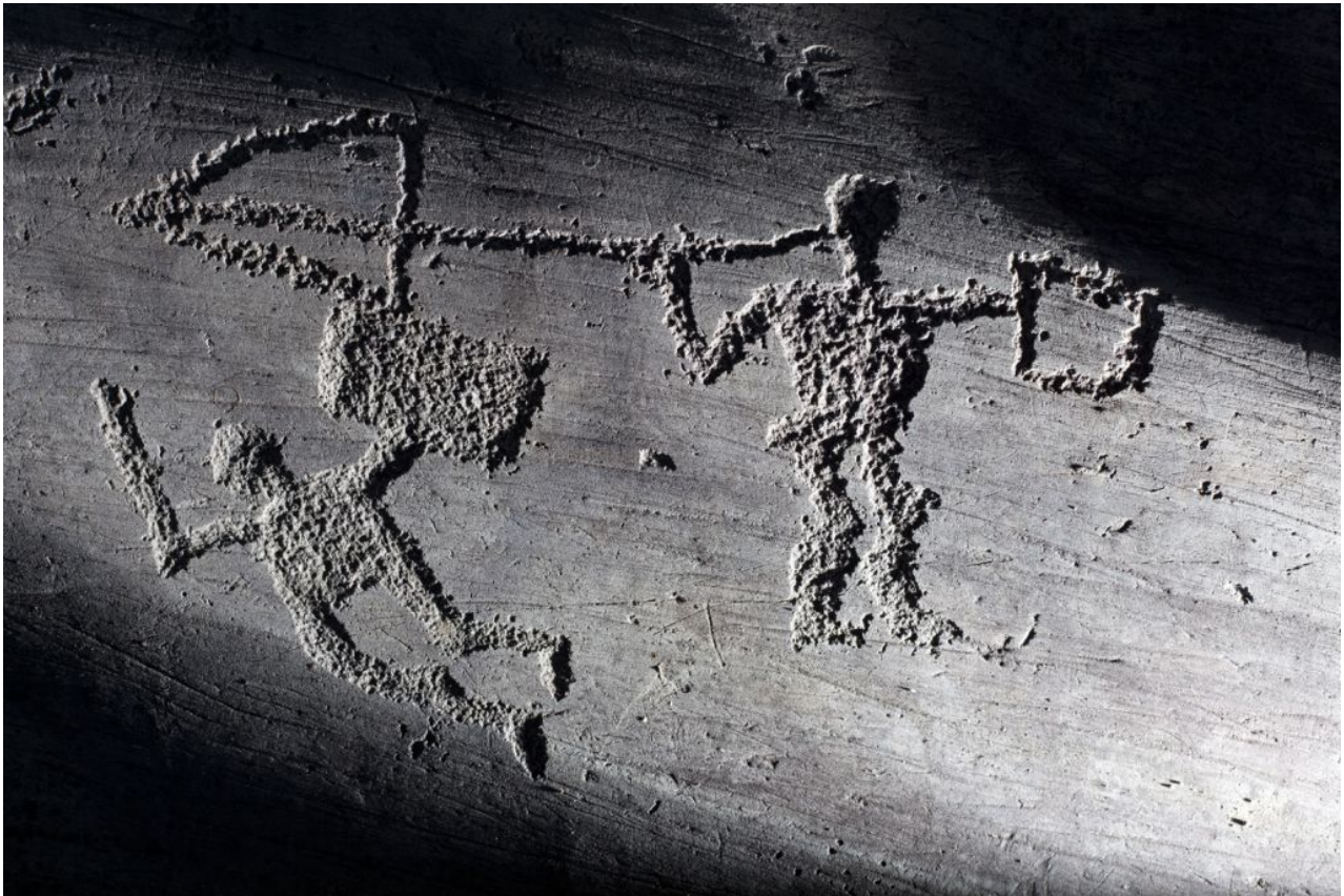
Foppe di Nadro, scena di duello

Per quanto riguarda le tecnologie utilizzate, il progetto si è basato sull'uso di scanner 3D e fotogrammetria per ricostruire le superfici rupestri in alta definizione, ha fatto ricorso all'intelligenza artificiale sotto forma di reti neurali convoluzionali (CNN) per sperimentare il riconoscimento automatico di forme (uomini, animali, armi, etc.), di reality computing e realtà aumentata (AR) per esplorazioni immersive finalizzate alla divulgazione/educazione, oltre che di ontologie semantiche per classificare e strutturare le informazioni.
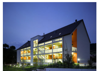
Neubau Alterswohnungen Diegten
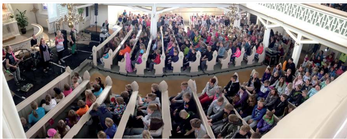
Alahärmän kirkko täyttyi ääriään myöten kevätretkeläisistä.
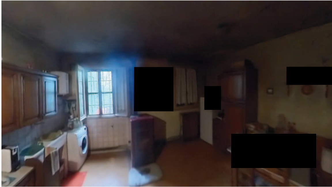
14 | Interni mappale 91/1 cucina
::::
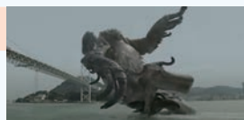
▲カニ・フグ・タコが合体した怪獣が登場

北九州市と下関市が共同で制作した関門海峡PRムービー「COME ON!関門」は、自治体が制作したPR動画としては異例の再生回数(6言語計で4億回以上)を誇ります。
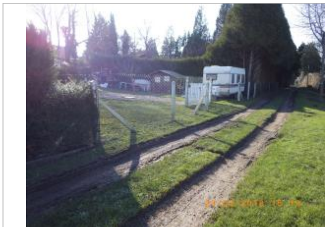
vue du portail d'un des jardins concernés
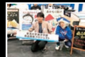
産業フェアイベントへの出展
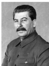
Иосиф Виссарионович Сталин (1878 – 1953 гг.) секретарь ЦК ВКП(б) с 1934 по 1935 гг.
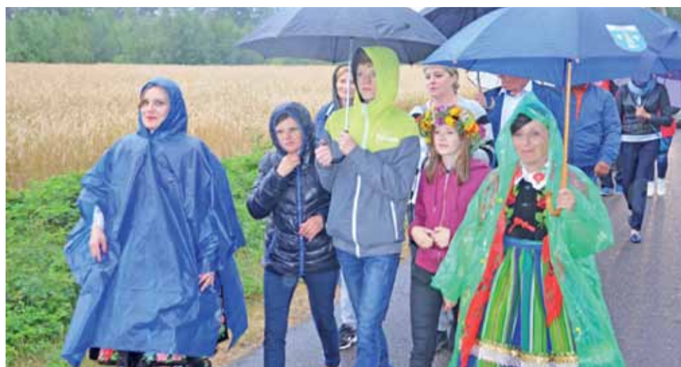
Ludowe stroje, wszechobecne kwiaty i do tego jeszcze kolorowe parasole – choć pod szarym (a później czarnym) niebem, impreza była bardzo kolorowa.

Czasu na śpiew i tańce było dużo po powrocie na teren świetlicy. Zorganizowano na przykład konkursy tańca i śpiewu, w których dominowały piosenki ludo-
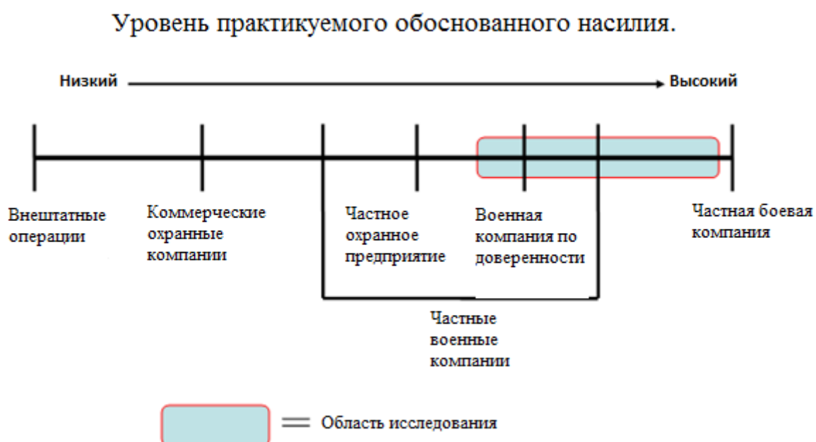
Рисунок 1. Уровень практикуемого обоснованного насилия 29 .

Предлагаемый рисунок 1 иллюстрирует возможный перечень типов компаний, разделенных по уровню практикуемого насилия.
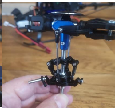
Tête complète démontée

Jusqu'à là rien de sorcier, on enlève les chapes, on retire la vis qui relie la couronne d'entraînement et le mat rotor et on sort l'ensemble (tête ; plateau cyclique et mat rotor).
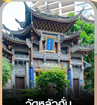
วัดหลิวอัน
::::
Pull every line containing the word "насилия" out of the listing.

FINISHED EXERCISE:
Рисунок 1. Уровень практикуемого обоснованного насилия 29 .
Предлагаемый рисунок 1 иллюстрирует возможный перечень типов компаний, разделенных по уровню практикуемого насилия.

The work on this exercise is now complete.